Message Queue (RabbitMQ)¶
The Message Queue acts as the backbone of the pipeline, decoupling producers from consumers and ensuring reliable, ordered, and durable delivery of scraping and ETL tasks.
Responsibilities¶
-
Maintain Work Queue for Producers:
- Stores date-based tasks generated by the primary producer.
- Enables multiple Producers (scaled by KEDA) to pick pending dates and scrape them.
-
Maintain Task Queue for Consumers:
- Stores scraped article links + metadata.
- Allows multiple Consumers to process tasks in parallel for ETL into storage systems.
-
Provide Dead Letter Queue (DLQ):
- Captures failed ETL messages for manual inspection and replay.
-
Ensure -
- Durable storage of messages (no data loss).

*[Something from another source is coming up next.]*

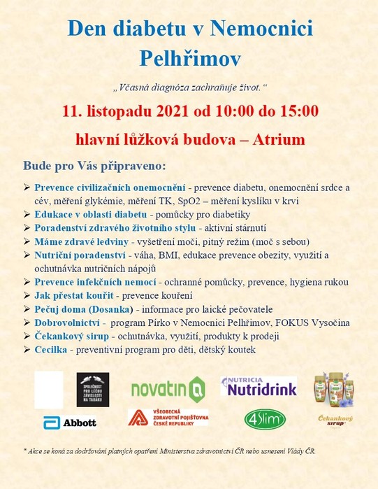 Nemocnice Pelhřimov ve spolupráci se Zdravým městem Pelhřimov pořádá akci Den diabetu. Hlavním cílem je zdůraznit prevenci nejen diabetu, ale i všech civilizačních onemocnění. Ukázat, že zdravý životní styl a pravidelná pohybová aktivita by měla být nedílnou součástí každého z nás.

- Acknowledgements for reliable message processing.
- Retry & requeue support for transient failures.
- M-trics integration for observability.
Implementation¶
-
RabbitMQ with:
- Durable queues (Work Queue, Task Queue, DLQ).
- Prefetch settings to prevent consumer overload.
- Acknowledgements for guaranteed delivery.
- Integrated with Prometheus RabbitMQ Exporter for queue-level metrics.
Data Flow¶
flowchart TD
ProducerInit --> WorkQueue
WorkQueue[Work Queue] --> RabbitMQNode
RabbitMQNode[(RabbitMQ)] --> MultiProducers
MultiProducers[Multiple Producers] --> TaskQueue
TaskQueue[Task Queue] --> RabbitMQNode
RabbitMQNode --> ConsumersNode
ConsumersNode[Consumers - ETL Workers] --> DLQ
DLQ[Dead Letter Queue]
RabbitMQNode --> MetricsNode
MetricsNode[Prometheus Exporter]
Key Highlights¶
-
Two-tier queueing system:
- Work Queue (date orchestration) → drives Producers.
- Task Queue (article links) → drives Consumers.
-
Autoscaling with KEDA: queue depth automatically adjusts number of Producers and Consumers.
-
Reliability: DLQ captures all failures for manual recovery.
-
Observability: Queue depth, processing rates, and failures are exposed as Prometheus metrics.